Upon receipt of a written request to refrain and remove information, the person, business, or association that disclosed, re-disclosed, or otherwise made available the information shall have 72 hours to remove that information from the Internet or where otherwise made available, and shall not disclose, re-disclose, or otherwise make available that information to any other person, business, or association through any medium.

[If the material is] not timely removed … within 72 hours [or the poster] re-discloses [it] … at any time subsequent to receipt of the written request, [the judge, prosecutor, or law enforcement officer] may bring an action seeking injunctive or declaratory relief in the Superior Court. If the court grants injunctive or declaratory relief, the person, business, or association responsible for the violation shall be required to pay reasonable attorney's fees and other litigation costs ….

This would, among other things, require removing any items that mention a family member's name when discussing

  1. how the professional or political actions of a judge's spouse, parent, or child can create a possibility of bias for the judge,
  2. whether there might have been nepotism in a judge's, prosecutor's, or police officer's family member being hired by a government agency,
  3. whether the treatment of a judge's, prosecutor's, or police officer's family member who had been accused of a crime might have been influenced by the connection, and more.
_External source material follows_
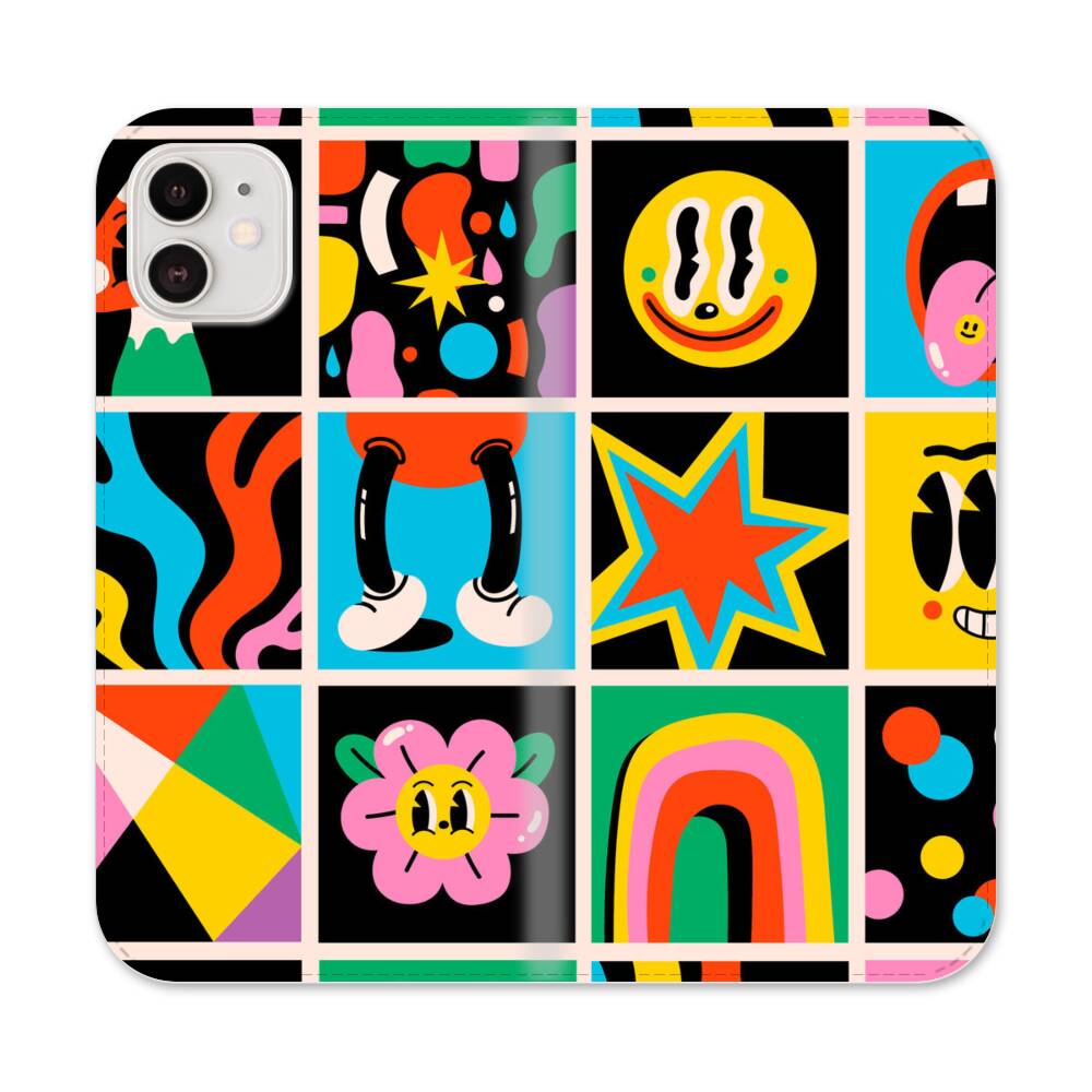 Lustige Cartoon Aufkleber Apple iPhone 12 Mini Flip Case● Seitlich klappbar

It would extend to all sorts of commentary, whether blog posts, newspaper articles, or anything else. And it would apply regardless of whether there's evidence that mention of the family member's name creates a serious risk of violence against the family member. I sympathize with the concern that prompted the law (and in particular the murder of U.S. District Judge Esther Salas' son), but I can't see how this would be constitutional.

Thanks to Keith Kaplan for the pointer.